Lea conjuntos de datos R desde Python.
El paquete rdata ofrece una forma ligera de importar conjuntos de datos/objetos de R almacenados en los formatos ".rda" y ".rds" en Python. Sus principales ventajas son:
Es una implementación pura de Python, sin dependencias del lenguaje R ni de bibliotecas relacionadas. Por lo tanto, se puede utilizar en cualquier lugar donde se admita Python, incluida la web que utiliza Pyodide.
Intenta admitir todos los objetos R que puedan traducirse de manera significativa. A diferencia de otras soluciones, no está limitado a importar marcos de datos o datos con una estructura particular.
Permite a los usuarios personalizar fácilmente la conversión de clases de R a clases de Python. ¿Sus datos utilizan clases R personalizadas? No te preocupes más, ya que es posible definir conversiones personalizadas a las clases de Python que elijas.
Dispone de licencia permisiva (MIT). A diferencia de otros paquetes que dependen de bibliotecas R y, por lo tanto, deben cumplir con la licencia GPL, puede usar rdata como una dependencia de MIT, BSD o incluso proyectos de código cerrado.
rdata está en PyPi y se puede instalar usando pip
:
pip instalar rdata
También está disponible para conda
usando el canal conda-forge
:
instalación de conda -c conda-forge rdata
La versión actual de la rama de desarrollo se puede instalar como
pip instala git+https://github.com/vnmabus/rdata.git@develop
La documentación de rdata está en ReadTheDocs.
Ejemplos de uso están disponibles en ReadTheDocs.
La forma común de leer un conjunto de datos R es la siguiente:
importar rdataconverted = rdata.read_rda(rdata.TESTDATA_PATH / "test_vector.rda")convertido
lo que resulta en
{'test_vector': matriz([1., 2., 3.])}
Debajo del capó, esto es equivalente al siguiente código:
importar rdataparsed = rdata.parser.parse_file(rdata.TESTDATA_PATH / "test_vector.rda")convertido = rdata.conversion.convert(analizado)convertido
Este consta de dos pasos:
Primero, el archivo se analiza utilizando la función rdata.parser.parse_file. Esto proporciona una descripción literal del contenido del archivo como una jerarquía de objetos Python que representan los objetos básicos de R. Este paso es inequívoco y siempre el mismo.
Luego, cada objeto debe convertirse en un objeto Python apropiado.
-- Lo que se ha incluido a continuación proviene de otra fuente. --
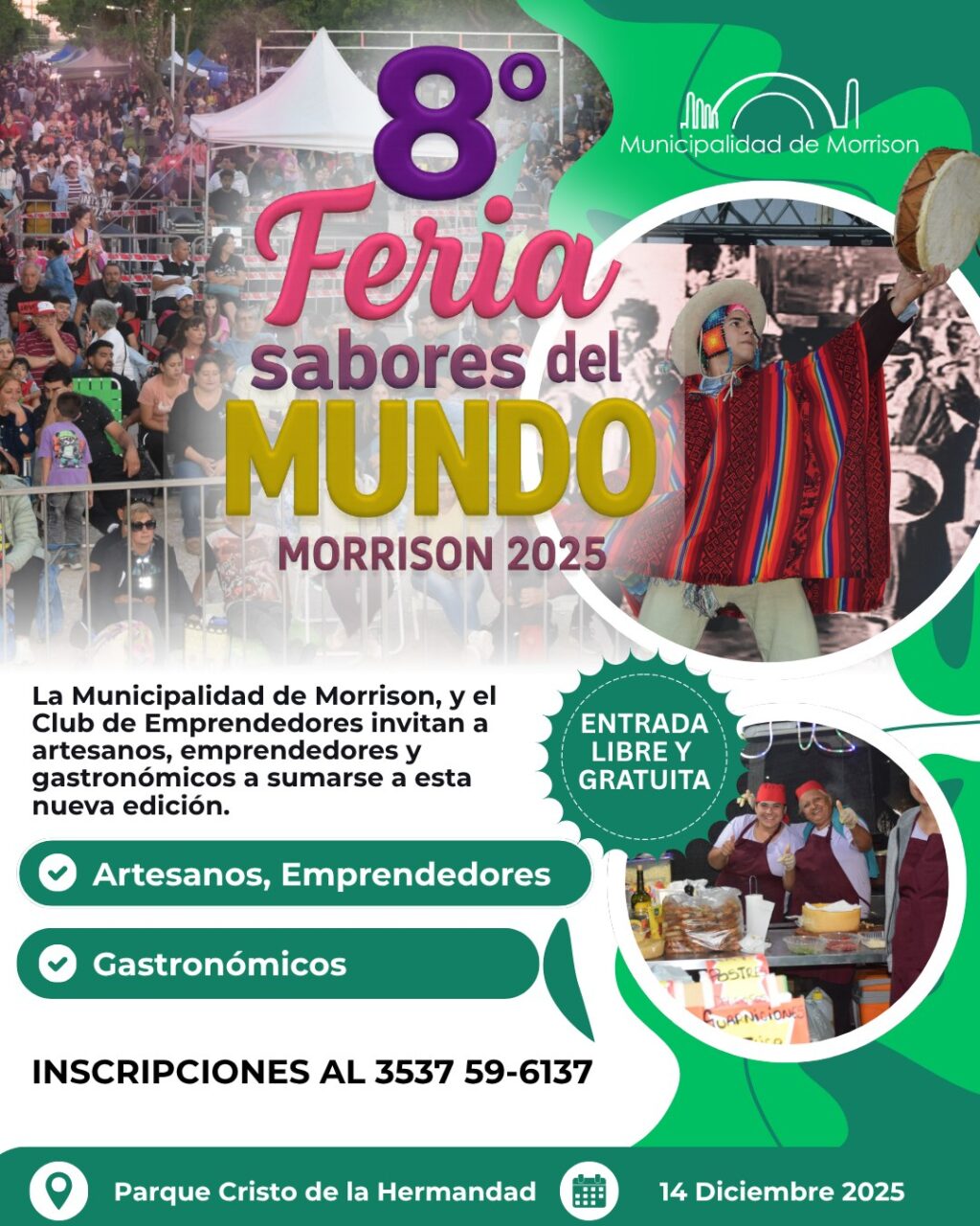 La 𝐌𝐮𝐧𝐢𝐜𝐢𝐩𝐚𝐥𝐢𝐝𝐚𝐝 𝐝𝐞 𝐌𝐨𝐫𝐫𝐢𝐬𝐨𝐧 informa que ya se trabaja en la organización de la 𝐅𝐞𝐫𝐢𝐚 𝐒𝐚𝐛𝐨𝐫𝐞𝐬 𝐝𝐞𝐥 𝐌𝐮𝐧𝐝𝐨 𝟐𝟎𝟐𝟓, uno de los eventos culturales y gastronómicos más importantes del sudeste cordobés.
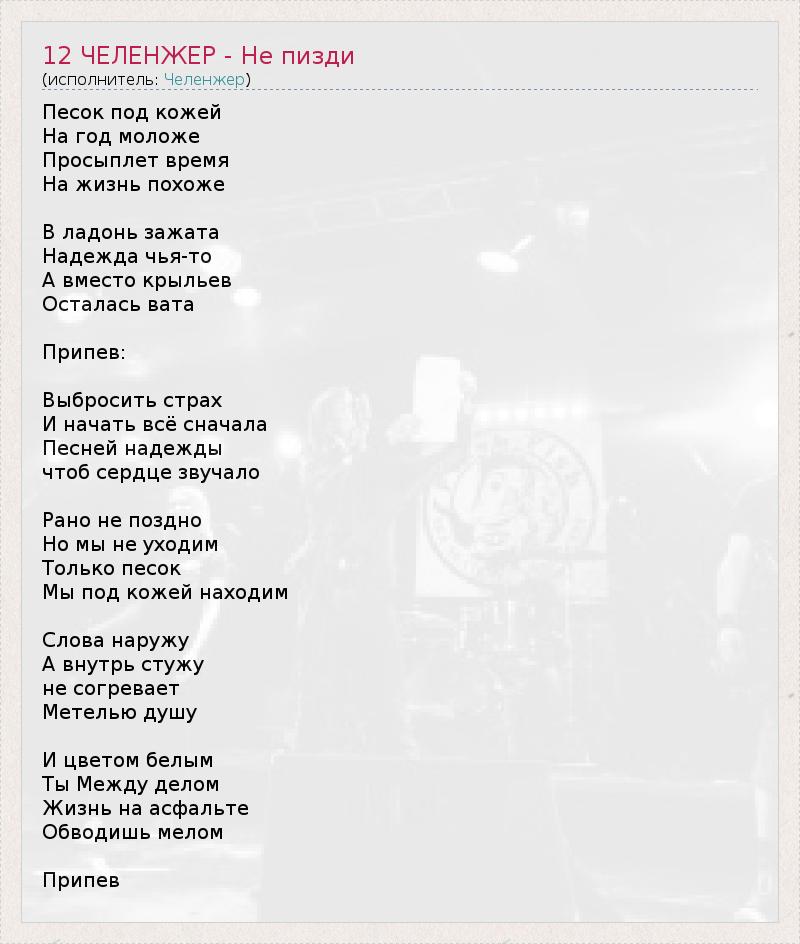 ГлавнаяИсполнителиЧеленжер12 ЧЕЛЕНЖЕР - Не пизди
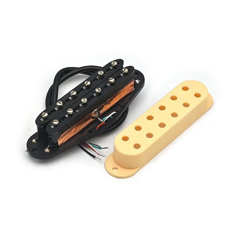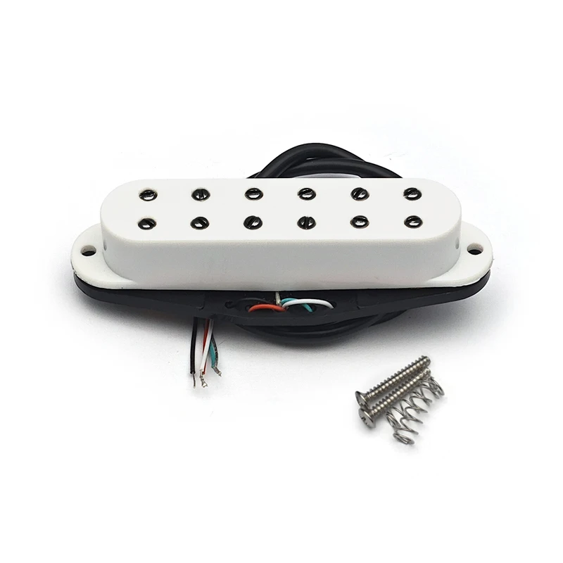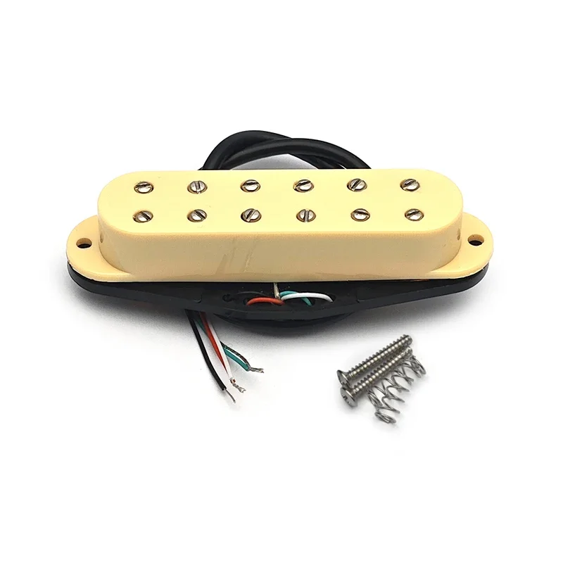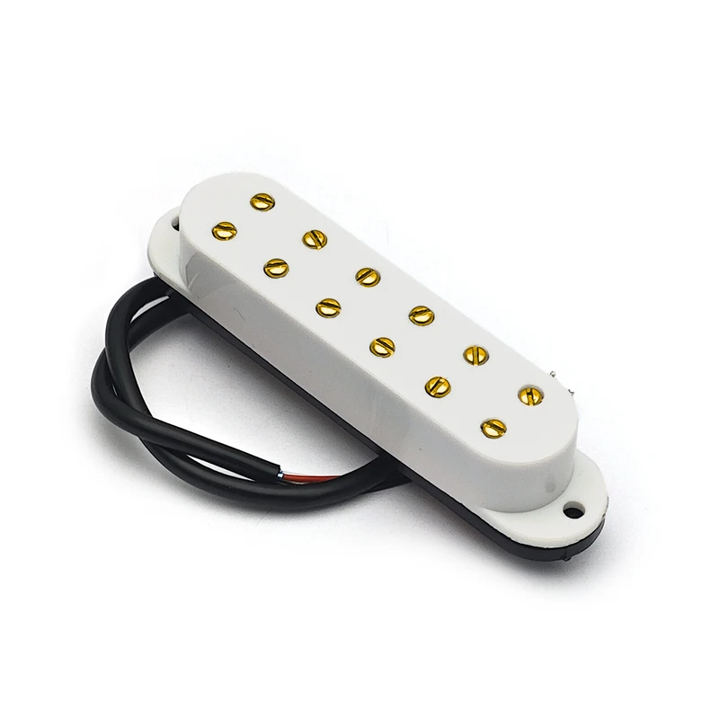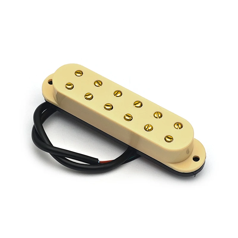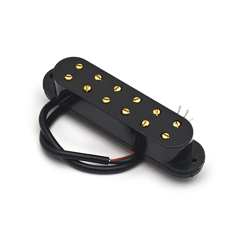 Experience enhanced tonal versatility with this 12-position adjustable pole piece mini humbucker pickup, designed with a resistance of 9K ±0.5K and featuring dual ceramic magnets for hum cancellation. Fully wax-potted and sealed, it offers durability and a bright, clear tone thanks to its thin gauge coil wire. The pickup has a standard Stratocaster single-coil size with a sleek black plastic bobbin and baseplate, providing a modern aesthetic with subtle metallic accents in color options like black, gold, and chrome screw finishes. The four-conductor shielded cable allows for coil splitting, giving you multiple wiring possibilities to suit your playing style.

En este paso hay varias opciones sobre qué tipo de Python es el más apropiado como conversión para un objeto R determinado. Por lo tanto, proporcionamos una rutina rdata.conversion.convert predeterminada, que intenta seleccionar objetos Python que conserven la mayor parte de la información del objeto R original. Para clases R personalizadas, también es posible especificar rutinas de conversión a objetos Python.
La rutina de conversión básica solo construye un objeto SimpleConverter y llama a su método de conversión. Todos los argumentos de convert se pasan directamente al método de inicialización de SimpleConverter.
Es posible, aunque no trivial, crear un objeto Convertidor personalizado para cambiar la forma en que los objetos R básicos se transforman en objetos Python. Sin embargo, una situación más común es que no se desea cambiar la forma en que se convierten los objetos R básicos, sino que se desean proporcionar conversiones para clases R específicas. Esto se puede hacer pasando un diccionario al método de inicialización SimpleConverter, que contiene como claves los nombres de las clases de R y como valores, elementos invocables que convierten un objeto R de esa clase en un objeto Python. De forma predeterminada, el diccionario utilizado es DEFAULT_CLASS_MAP, que puede convertir clases R de uso común, como data.frame y factor.
Como ejemplo, así es como implementaríamos una rutina de conversión para la clase de factor a objetos de bytes, en lugar de la conversión predeterminada a objetos categóricos de Pandas:
import rdatadef factor_constructor(obj, atributos): valores = [bytes(attrs['levels'][i - 1], 'utf8') if i >= 0 else Ninguno para i en obj] return valoresnew_dict = { **rdata. conversion.DEFAULT_CLASS_MAP, "factor": factor_constructor}convertido = rdata.read_rda(rdata.TESTDATA_PATH / "test_dataframe.rda", constructor_dict=new_dict, )convertido
que tiene el siguiente resultado:
{'test_dataframe': valor de clase 1 b'a' 1 2 b'b' 2 3 b'b' 3}
Se pueden encontrar ejemplos adicionales que ilustran las funcionalidades de este paquete en la documentación de ReadTheDocs.